Each class will also have two dictionaries to hold probability data:

>`self.priors`: Stores the prior probabilities $P(y)$ for each class.

>`self.likelihoods`: Stores the likelihoods $P(X|y)$ for each class, for each feature.
--------------------------------------------------------------------------------
### `fit(X, y, alpha=1.0)`
This function is used to train the Naive Bayes classifier by calling two key methods:

>#### `calc_priors(y)`: $P(y)$
>This function computes the prior probabilities $P(y)$ and stores it in `self.priors`. The prior probability is simply the probability of each class occurring in the dataset.

>#### `calc_likelihoods(X, y, alpha=1.0)`: $P(X|y)$
>This function calculates the likelihood $P(X|y)$ using Laplace smoothing (`alpha`) to handle zero counts, which could lead to probability issues. Output is stored in `self.likelihoods`.

### `predict(X_test)`
This function predicts the class labels for a given set of input samples. and calls the `calc_posteriors` function

>#### `calc posteriors(X)` $P(y|X)$
>This function calculates the posterior probability $P(y∣X)$ for each sample in `X_test`. Returns an array of predicted class labels for the input samples.


In [None]:
class NaiveBayes():
  '''
  Naive Bayes Classifier
  We are looking to find essentially:

  P(y|X) = P(y)P(X|y)/P(X)

  '''
  def __init__(self):
    self.priors = {}
    self.likelihoods = {}

  def calc_priors(self, y):
    ''' Find P(y) '''
    classes = np.unique(y)
    for c in classes:
      self.priors[c] = np.mean(y == c)

  def calc_likelihoods(self, X, y, alpha=1.0):
    ''' Find P(X|y) '''
    likelihoods = {}
    classes = np.unique(y)
    num_features = X.shape[1]  # Number of words (vocabulary size)

    # For each unique label in the dataset
    for class_label in classes:
      class_indices = np.where(y == class_label)[0]
      X_class = X[class_indices]

      # Sum of word counts for all rows where Y = class_label
      word_count_class = np.sum(X_class, axis=0)

      # Total number of words in row of this class
      total_word_count_class = np.sum(word_count_class)

      # Apply Laplace smoothing incase any unknown words appear
      likelihoods[class_label] = (word_count_class + alpha) / (total_word_count_class + alpha * num_features)

    self.likelihoods = likelihoods


  def calc_posteriors(self, X):
    ''' Find P(y|X) '''
    posteriors = []

    # go through each row
    for x in X:
      class_posteriors = {}

      # For each class, calculate the posterior probability of the current row
      for class_label in self.priors:
        # Start with the log of the prior probability to avoid underflow issues
        log_posterior = np.log(self.priors[class_label])

        # Add the log of the likelihoods for each word in the document
        for idx, count in enumerate(x):
          if count > 0:
            # Add the log of the likelihood for this word, raised to the power of its count
            log_posterior += count * np.log(self.likelihoods[class_label][idx])

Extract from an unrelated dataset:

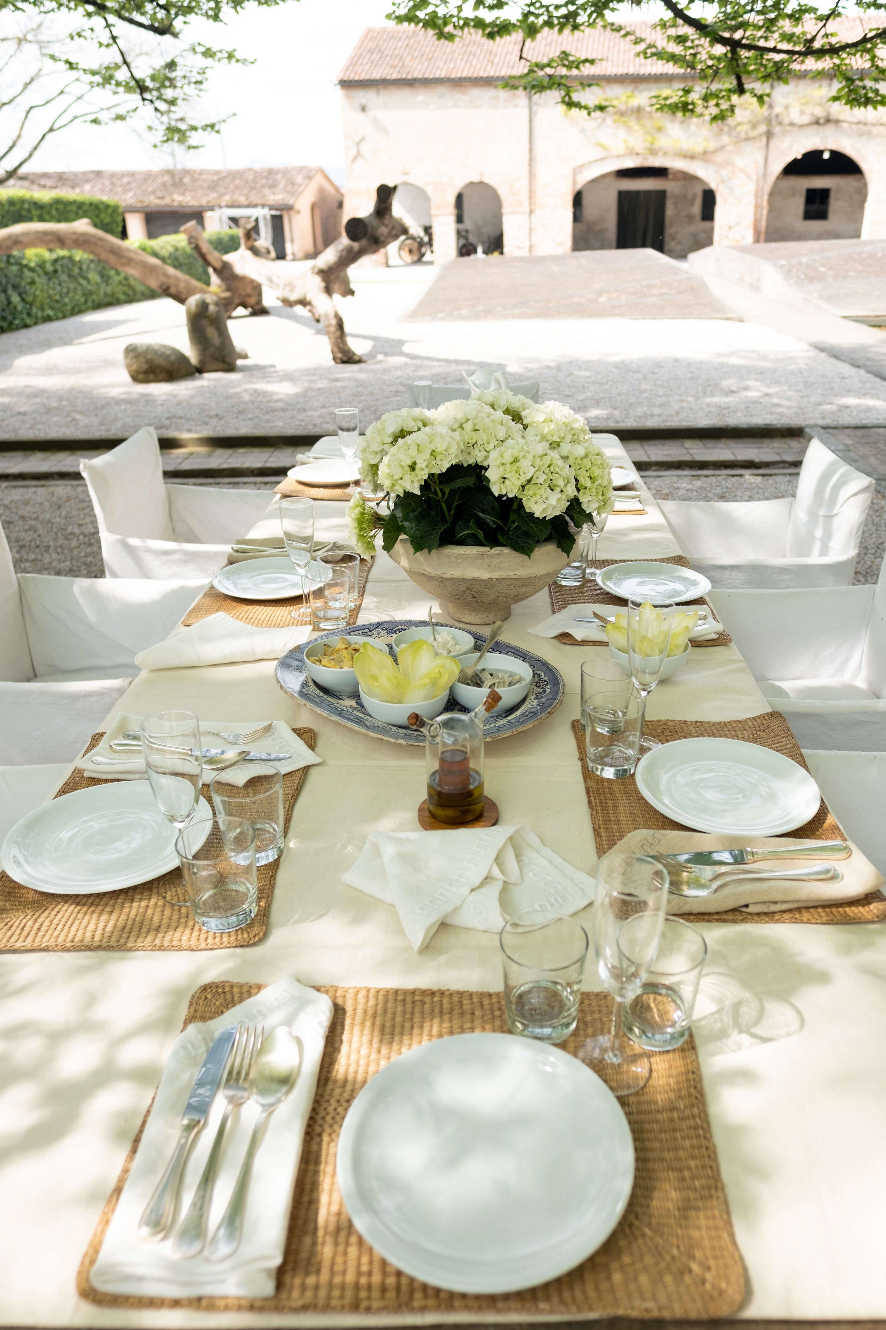 Frame Linen Tablecloth is crafted from 100% linen and features a graphic border motif inspired by ancient Greek design.
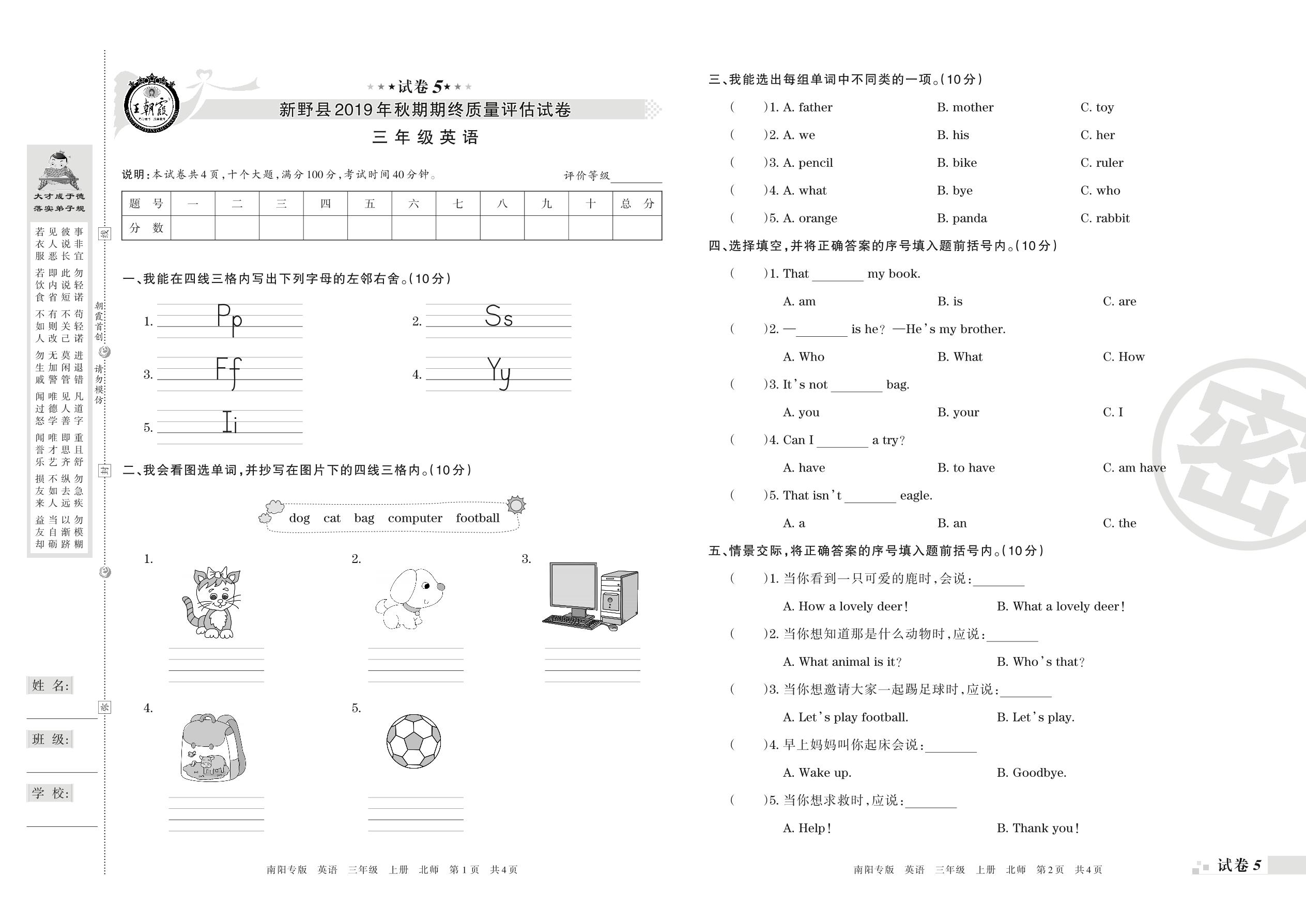 2019-2020学年第一学期南阳市新野县三年级英语试卷(北师版)【5】

        class_posteriors[class_label] = log_posterior

      # at the end take the max score for the posterior, thats our
      posteriors.append(max(class_posteriors, key=class_posteriors.get))

    return np.array(posteriors)


  def fit(self, X, y, alpha=1.0):
    self.calc_priors(y)
    self.calc_likelihoods(X, y, alpha)

  def predict(self, X):
    return self.calc_posteriors(X)



>We could now evaluate and compare our model:

In [None]:
import time

nb = NaiveBayes()

# Start timer
start_time = time.time()

# Train model
nb.fit(X_train, y_train)

# Stop the timer
end_time = time.time()

#Predict on training set
train_yp = nb.predict(X_train)

# Output training time and accuracy
training_time = end_time - start_time
print(f"Training Time: {training_time:.4f} seconds")
accuracy_score(train_yp, y_train)

Training Time: 0.6641 seconds


0.9692953390766512

In [None]:
# Predict on test set and output accuracy
yp = nb.predict(X_test)
accuracy_score(yp, yt)

0.982281284606866

Not bad!
> Accuracy is surprisingly exactly the same as the `sklearn.naive_bayes MultinominalNB` model at a 98% on the test set which is a nice touch.

    0.982281284606866

> Runtime is **very fast** too as we consistently get training times <1 second.

# Conclusion
>And there we go! In my opinion Naive Bayes is one of the simpler algorithms to implement from scratch and makes for some good practice in statistics and probability.